A couple of weeks ago at EMC World, TSG surmised that the partnership between SAP and Documentum (IIG – Information Intelligence Group of EMC) might be the first step in a potential acquisition by SAP of IIG. For those not familiar with the SAP relationship, the new partnership allows SAP to sell the following new Documentum xCP offerings to their customers including:
- Broker Reconciliation for Insurance (targeted Q3 – 2010)
- Automated Banking Sales – (targeted Q1 – 2011)
- Documentum Creation for Claims – (targeted Q1 – 2011)
- Information Inbox for Claims – (targeted Q2 – 2011)
For additional information, view Mark Lewis’s keynote on YouTube. While we don’t generally like to promote a TMZ feel for our postings, for this post we will explore the potential reasons for those rumors.
Why EMC would want to shed Documentum?
One major appeal for EMC to purchase Documentum in the first place was customer and sales representative synergy. It makes sense that the same sales rep can sell more to his client by having more offerings. This is one reason software companies, and particularly ECM vendors, offer a suite of products. With EMC/Documentum acquisition, it was thought that the EMC sales reps could (and tried) to sell Documentum to their storage clients. As experienced by EMC and Documentum, the infrastructure purchase of EMC storage devices or VMWare is very different than the purchase of ECM solutions and required two different sales forces.
As EMC continues to grow the infrastructure portion of their business at a rapid pace, the fit of Documentum is less and less apparent. It would make sense for EMC to look for a software partner to team with that might potentially procure the Documentum division. A good partner would have synergies and extend their current sales model while not cannibalize any of their existing software sales.
Who is not going to buy Documentum
Within the Packaged Software space, according to Fortune back in January, the 282 Billion dollar market is dominated by Microsoft (18%), IBM (8.5%), Oracle (7%) and SAP (4.4%) with the remaining 62% going to smaller companies.

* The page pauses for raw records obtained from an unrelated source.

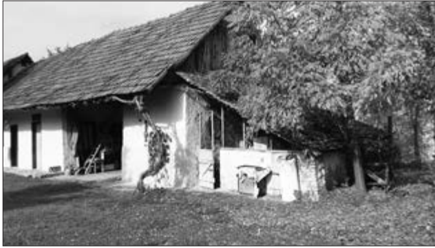
Slika 25. Henkšupa. Vlasnica Ana Đirki iz Bača. Snimila Klara Tončić u Baču, 2016. godine.

vrbe, šibljem, itd. Dvorište je većinom bilo podijeljeno na dva ili tri dijela; pridnje , sridnje i stražnje dvorište (Slika 24). Prednje dvorište, baštica (Bač)/ baščica (Plavna) je bilo predviđeno za uzgoj cvijeća, povrtnjak i voćke dok je srednje i stražnje dvorište bilo namijenjeno za držanje raznih domaćih životinja (kokoši, patke, konji, krave, svinje, ovce kada nisu bile na polju...). Ta dva dijela bila su fizički odvojena ogradom kako životinje ne bi uništile biljke u prednjem dvorištu, a ponekad su bila odvojena fiktivno, imaginarnom crtom koja je mogla biti ucrtana u zemlju, a koja bi označavala među ta dva područja. Zadnje dvorište je bilo otvorenog tipa zbog životinja. Prednji dio dvorišta je bio mjesto raznih poljoprivrednih aktivnosti poput sušenja graha ili tucanja mahuna vilama, a u stražnjem dvorištu su se radili „prljaviji“ poslovi poput svinjokolje . Na nekim imanjima je rupa gdje se odlagalo gnojivo, đubrište , bilo u zadnjem dijelu stražnjeg dvorišta, što dalje od kuće, a u nekima se nalazilo u prednjem dvorištu. Kazivačica Ana Đirki iz Bača se prisjeća kako je u njenom dvorištu bio i vinograd. Neke kuće koje su imale veoma malo dvorište, cijelo su dvorište namijenile za uzgoj domaćih životinja, a povrtnjak i voćnjak se obrađivao na zemlji oko sela koji se nazivao jaroš .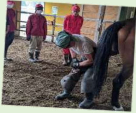
厩舎で削蹄(ひづめを削る作業)を見学する。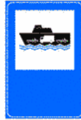
Figura II 374 Art. 136

Posto in vicinanza delle grandi stazioni ferroviarie avvia al servizio di trasporto auto al seguito del viaggiatore.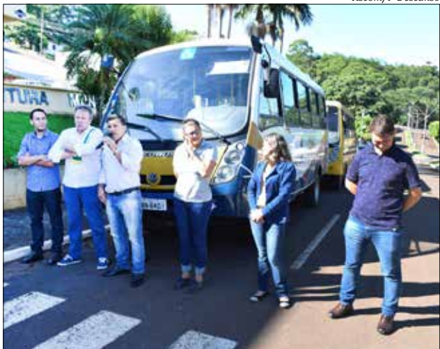
Entrega do micro-ônibus reuniu autoridades, alunos e professores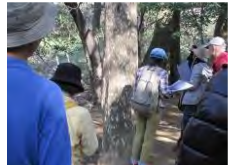
特徴のある樹皮をもつカゴノキ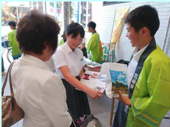
▲生徒お手製の資料で美郷町をPR

聞いてくださった方と一緒に笑顔になる姿も見られ、とてもいい経験になったのではないかなと思います。美郷南学園のみなさん、お疲れ様でした！（宮之原）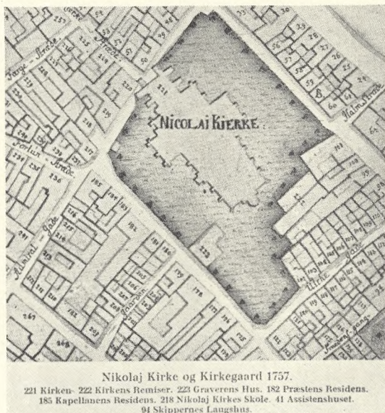
Fig. 87. Nikolaj Kirkegård 1757 (efter Geddes Kort).

blev anbragt paa en uopgravet Deel af en fordums Begravelsesplads. Det blev heraf en Følge, at Pladsen maatte udgraves til en større Dybde, end det ellers for Fundamenternes Skyld vilde have været nødvendigt, da der i Almindelighed fandtes 5 Lag Kister staaende ovenpaa hinanden.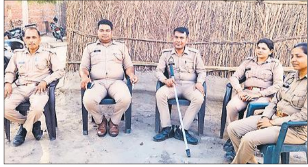
गांव में तैनात पुलिस बल।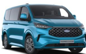
Digital Aqua Blue metalická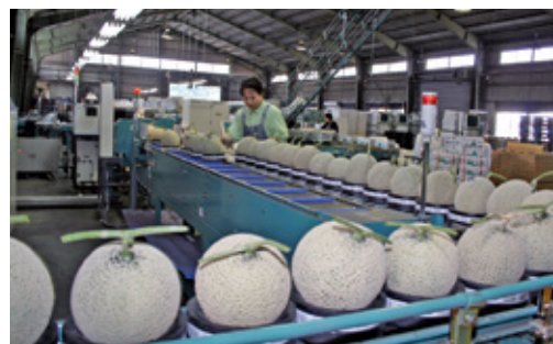
20年6月 417号 みやざき温室光センサーメロン 県下で初めて光センサー非破壊選果機を導入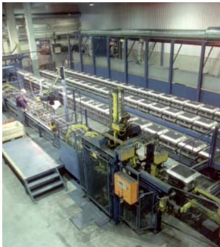
Stora investeringar har gjorts i ny produktionsutrustning.

AB Holsbyverken med dotterbolagen Nordcast AB, Älmhults Gjuteri AB och AB M Lundgrens Gjuteri i Halmstad är en av de största tillverkarna av gjutgods i Sverige. Totalt tillverkas ca 10 000 ton i gruppen, därav ca 4 000 ton gråjärn och segjärn från Holsbyverken. Gjuterigruppens omsättning är ca 225 Mkr på 150 anställda.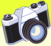
FOTO IMPRESSIE HOOGSTE PUNT AC-11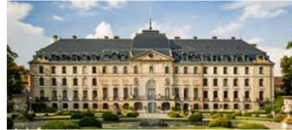
Fürstlich Fürstenbergisches Schloss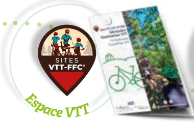
Espace VTT 4 circuits au départ de Mascoussel de 9 à 46 km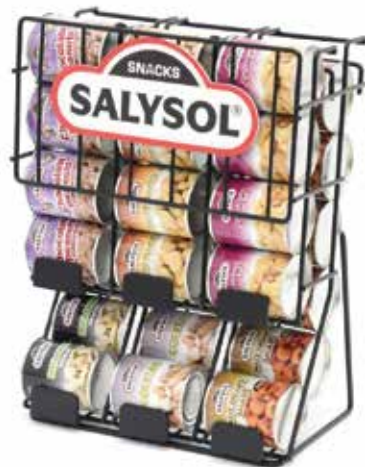
METAL DISPLAY 30 tins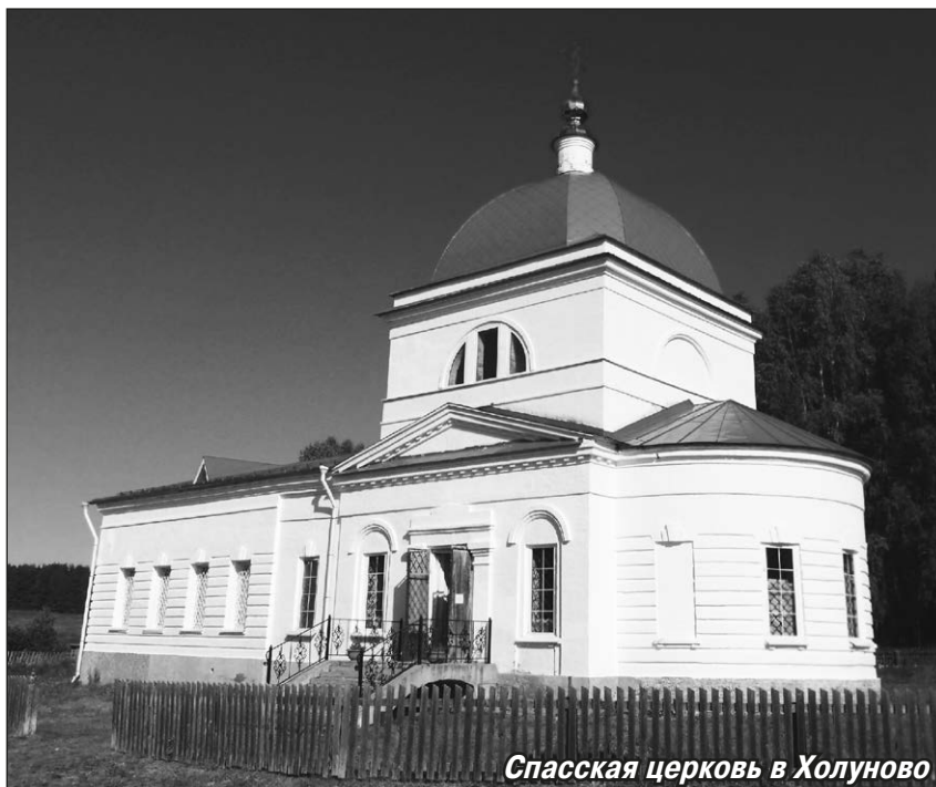
Спасская церковь в Холуново

— У монастыря имеется подворье в небольшом селе Холуново. Кто трудится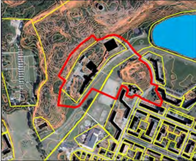
Ungefärligt planområde markerat med rött.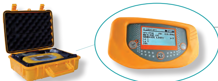
Pointeur - mesureur TV numérique (N 411)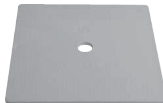
PIASTRAQ05 Piastra robus quadra h5mm

As experienced over the past two years with consolidations, it stands to reason that the top four would consider buying something like Documentum to increase their sales offerings to clients. Let’s look at each one of these and apply the synergy discussion to likely purchase of Documentum.
- Microsoft – SharePoint is widely successful without Documentum. Add to that a commodity focused sales force as well as commitment to .Net (rather than Java) and it is difficult to see Microsoft wanting or needing to look for a purchase in the ECM space.
- IBM – IBM is still trying to integrate FileNet into their host of other content management offerings and probably doesn’t need another ECM tool for fear of mixed message to customers. In regards to synergies, IBM’s sales reps, after pushing why DB2 content management and FileNet is better than Documentum wouldn’t get much traction with their existing clients with a new Documentum purchase.
- Oracle – probably the closest contender in regards to ability to purchase other software companies (PeopleSoft was a Documentum Pleasanton neighbor) as well as synergies in regards to sales reps, customers and technology (Java). The Stellant purchase and wherever Oracle is going with their offerings might be a sticking point. Also, it is worth remembering that Documentum ran from Oracle to EMC because Dave DeWalt (former Documentum CEO) and others in charge of Documentum at the time didn’t want to become part of Oracle. While many of those people might be gone, Documentum has always been proud of not being Oracle.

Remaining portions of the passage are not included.